When the assumption that ${\displaystyle \varepsilon }$ is normally distributed fails to hold, then a functional form misspecification issue arises: if the model is still estimated as a probit model, the estimators of the coefficients ${\displaystyle \beta }$ are inconsistent. For instance, if ${\displaystyle \varepsilon }$ follows a logistic distribution in the true model, but the model is estimated by probit, the estimates will be generally smaller than the true value. However, the inconsistency of the coefficient estimates is practically irrelevant because the estimates for the partial effects, ${\displaystyle \partial P(y=1\mid x)/\partial x_{i'}}$, will be close to the estimates given by the true logit model.[3]

To avoid the issue of distribution misspecification, one may adopt a general distribution assumption for the error term, such that many different types of distribution can be included in the model. The cost is heavier computation and lower accuracy for the increase of the number of parameter.[4] In most of the cases in practice where the distribution form is misspecified, the estimators for the coefficients are inconsistent, but estimators for the conditional probability and the partial effects are still very good.[citation needed]

## History

The probit model is usually credited to Chester Bliss, who coined the term "probit" in 1934,[5] and to John Gaddum (1933), who systematized earlier work.[6] However, the basic model dates to the Weber–Fechner law by Gustav Fechner, published in Fechner (1860), and was repeatedly rediscovered until the 1930s; see Finney (1971, Chapter 3.6) and Aitchison & Brown (1957, Chapter 1.2).[6]

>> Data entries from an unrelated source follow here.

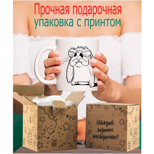 Кружка принт с картинкой сумасшедшего заяца в подарочной коробке
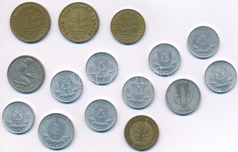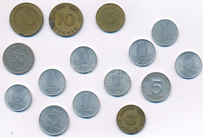 FRG 1949-1969. 5 Pfennig - 50 Pfennig (5x) + GDR 1949-1968. 1 Pfennig - 5 Pfennig (10x) C:XF
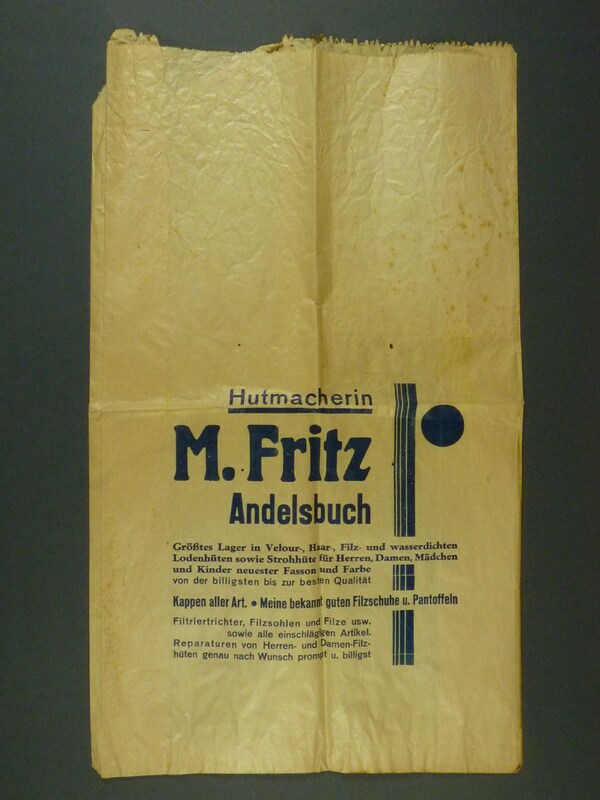 Papiertüte der Hutmacherin M. Fritz aus Andelsbuch

A fast method for computing maximum likelihood estimates for the probit model was proposed by Ronald Fisher as an appendix to Bliss' work in 1935.[7]

## References

1. ^ Oxford English Dictionary, 3rd ed. s.v. probit (article dated June 2007): Bliss, C. I. (1934). "The Method of Probits". Science. 79 (2037): 38–39. doi:10.1126/science.79.2037.38. PMID 17813446. These arbitrary probability units have been called ‘probits’.
2. ^ Ordinal probit regression model UCLA Academic Technology Services http://www.ats.ucla.edu/stat/stata/dae/ologit.htm
3. ^ Greene, W. H. (2003), Econometric Analysis , Prentice Hall, Upper Saddle River, NJ.
4. ^ For more details, refer to: Cappé, O., Moulines, E. and Ryden, T. (2005): “Inference in Hidden Markov Models”, Springer-Verlag New York, Chapter 2.
5. ^ Bliss, C. I. (1934). "The Method of Probits". Science. 79 (2037): 38–39. doi:10.1126/science.79.2037.38. PMID 17813446.
6. ^ a b Cramer 2002, p. 7.
7. ^ Fisher, R. A. (1935). "The Case of Zero Survivors in Probit Assays". Annals of Applied Biology. 22: 164–165. doi:10.1111/j.1744-7348.1935.tb07713.x. Archived from the original on 2014-04-30.